Lors d’une conversation de table, un ami me disait : « notre gouvernement manque d’humanité ». Quelque chose de ce que l’on appelle l’empathie. Et je lui donne raison au regard du mouvement initial des Gilets jaunes, ou encore de ces quelques phrases à l’emporte pièce de notre président.
Avis corroboré par la rencontre récente d’un autre ami qui, par sa situation dans une grosse entreprise française, est souvent en contact avec les « élites administratives parisiennes », qu’elles soient situées à la mairie de Paris ou à l’Élysée, et qui me confiait : « Quelle arrogance ! ». Je veux bien le croire. En même temps, pour reprendre une formule à la mode, je suis loin de penser que le défaut d’humanité ne soit le fait que de ces « élites ».
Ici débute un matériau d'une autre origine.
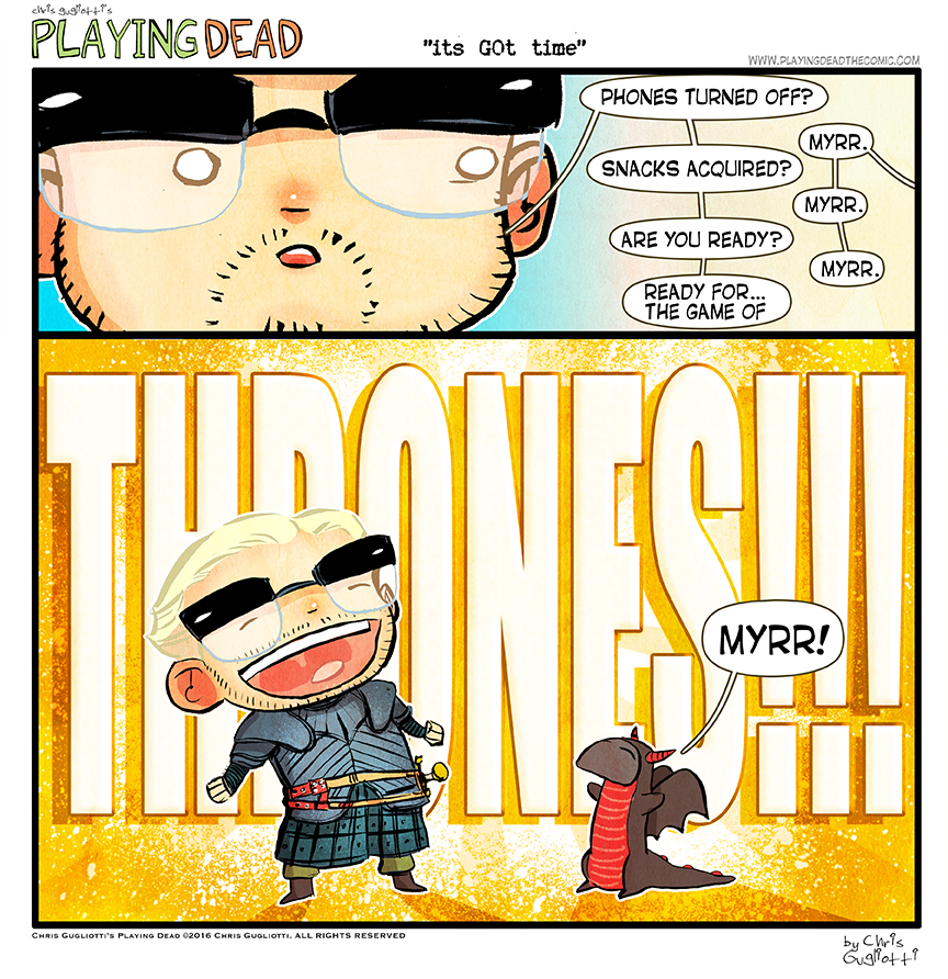 It’s GOt Time by cgugliotti on April 21, 2016 at 9:00 am Chapter: comics In which the long wait is over…again. └ Tags: autobiographical, brienne of tarth, chris gugliotti, comic, comic strip, cosplay, dachshund, dog, dragon, fantasy, friendship, game of thrones, george r.r. martin, hbo, man's best friend, man-child, nibbles, nibbles the dachshund, playing dead, thrones, tv, web comic, Web comics, webcomic, webcomics, winter, winter is coming Comments Off on It’s GOt Time

Je le retrouve à bien d’autres étages dans notre société dite « développée ». Par exemple lorsque sont accordés des émoluments absolument indécents, qui se chiffrent en dizaines de millions d’euros annuels, à tel chef d’entreprise ou à tel sportif : quand tant et tant de nos concitoyens peinent à s’en sortir avec le SMIC, et parfois moins ! Je sais bien que certains de ces « nouveaux riches » veillent à redistribuer une partie de la fortune acquise, je m’en réjouis et je me suis exprimé sur ce sujet dans un billet tout récent : mais cela ne saurait justifier, plus en amont, les écarts de revenus que j’évoque !
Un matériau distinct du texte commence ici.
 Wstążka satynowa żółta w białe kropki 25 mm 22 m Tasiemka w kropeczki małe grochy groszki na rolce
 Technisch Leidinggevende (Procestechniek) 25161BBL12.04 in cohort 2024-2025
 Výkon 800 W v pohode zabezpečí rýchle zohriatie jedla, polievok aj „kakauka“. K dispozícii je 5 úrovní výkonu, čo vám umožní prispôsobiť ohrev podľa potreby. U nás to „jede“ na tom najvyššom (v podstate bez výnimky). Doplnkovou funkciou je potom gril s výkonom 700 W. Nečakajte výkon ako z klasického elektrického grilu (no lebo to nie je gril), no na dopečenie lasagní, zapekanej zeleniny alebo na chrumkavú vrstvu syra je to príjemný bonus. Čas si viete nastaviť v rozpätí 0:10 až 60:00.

Défaut d’humanité encore quand je constate qu’on refuse d’accueillir et laisse souvent mourir en Méditerranée des centaines de migrants : « ils n’auraient pas dû se lancer dans cette entreprise suicidaire ». On oublie trop facilement qu’ils ne sont pas tous des terroristes, très loin de là, mais bien des victimes climatiques, économiques ou politiques, contraintes de fuir au risque de leur vie la rapacité de quelques « élites locales » ou de grands trusts industriels hébergés chez nous.
Mais défaut d’humanité aussi dans cette Église catholique à laquelle j’appartiens, et qui héberge des brebis galeuses plus criminelles que des loups… Une Église qui s’est souvent déclarée pourtant « experte en humanité », oubliant que son expertise est moins celle de ses membres, fragiles et pécheurs, que celle de son fondateur, Jésus, tant par ses paroles que par sa vie.
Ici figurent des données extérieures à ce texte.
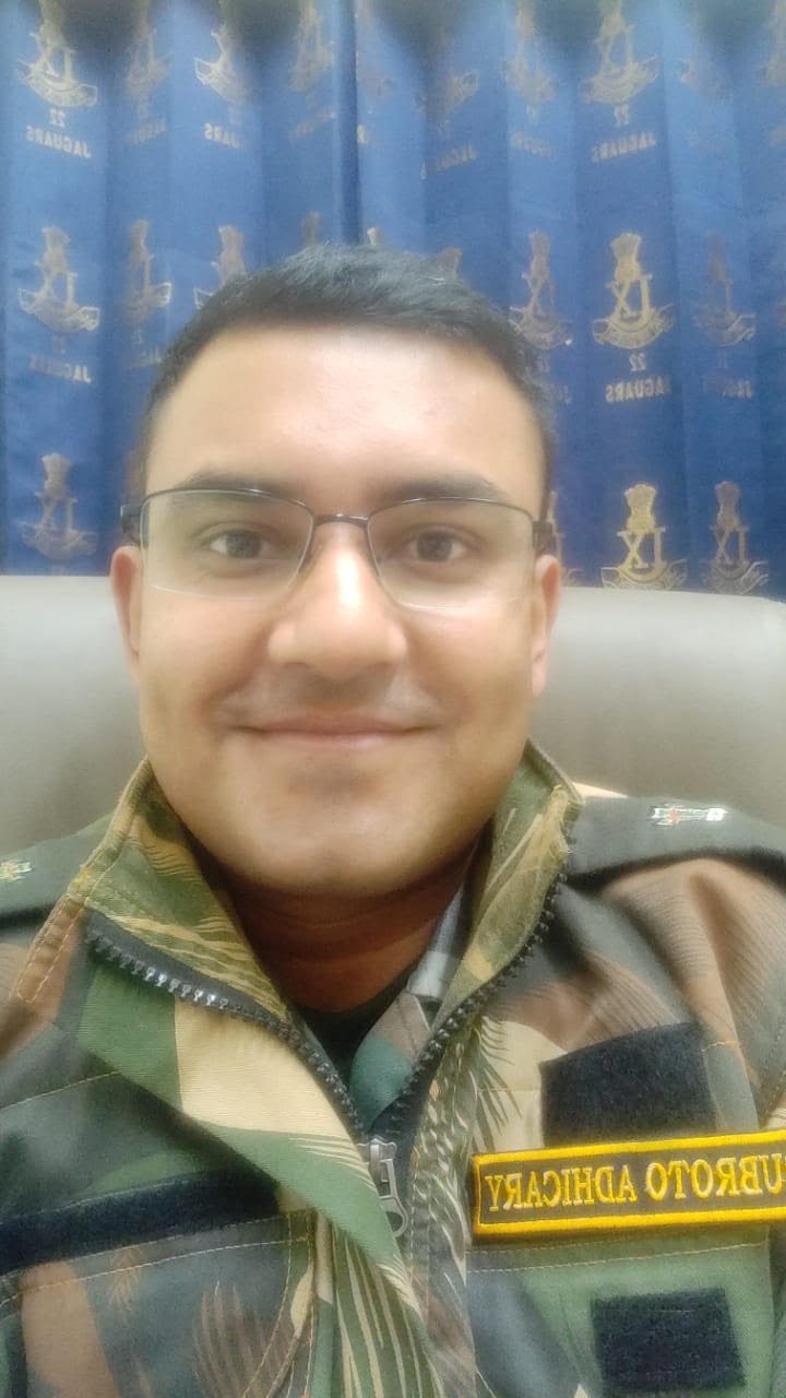 Major Subroto Adhicary hailed from Allahabad (Prayagraj) in Uttar Pradesh. He completed his schooling at St. Joseph College, Allahabad, and thereafter got selected to join the prestigious NDA Khadakwasla in 2005. After passing out of the NDA, he went to IMA Dehradun for further training in 2009. He passed out of the IMA on 12th December 2009 as a Lieutenant at the age of 21 years. He was commissioned into the 12 Jat Battalion of the famed Jat Regiment of the Indian Army and was always very proud of his regiment.

Il est possible et facile de continuer…
Dès lors, à la question qui ne manque pas de se poser, comment faire face à un tel « défaut d’humanité à tous les étages », je ne vois pas d’autre réponse possible que celle-ci : venir à la rencontre de l’expert en humanité qu’est Jésus, s’attacher à ses pas, suivre ses enseignements. Parce qu’il est seul à nous restituer le vrai visage de l’homme, celui d’avant le péché.
« Voici l’homme ! » (Jn 19,5), aurait dit Pilate lors du procès de Jésus. Comme le grand-prêtre cette année-là (Jn 11,51), il n’a eu aucune conscience de la dimension absolument prophétique de son affirmation.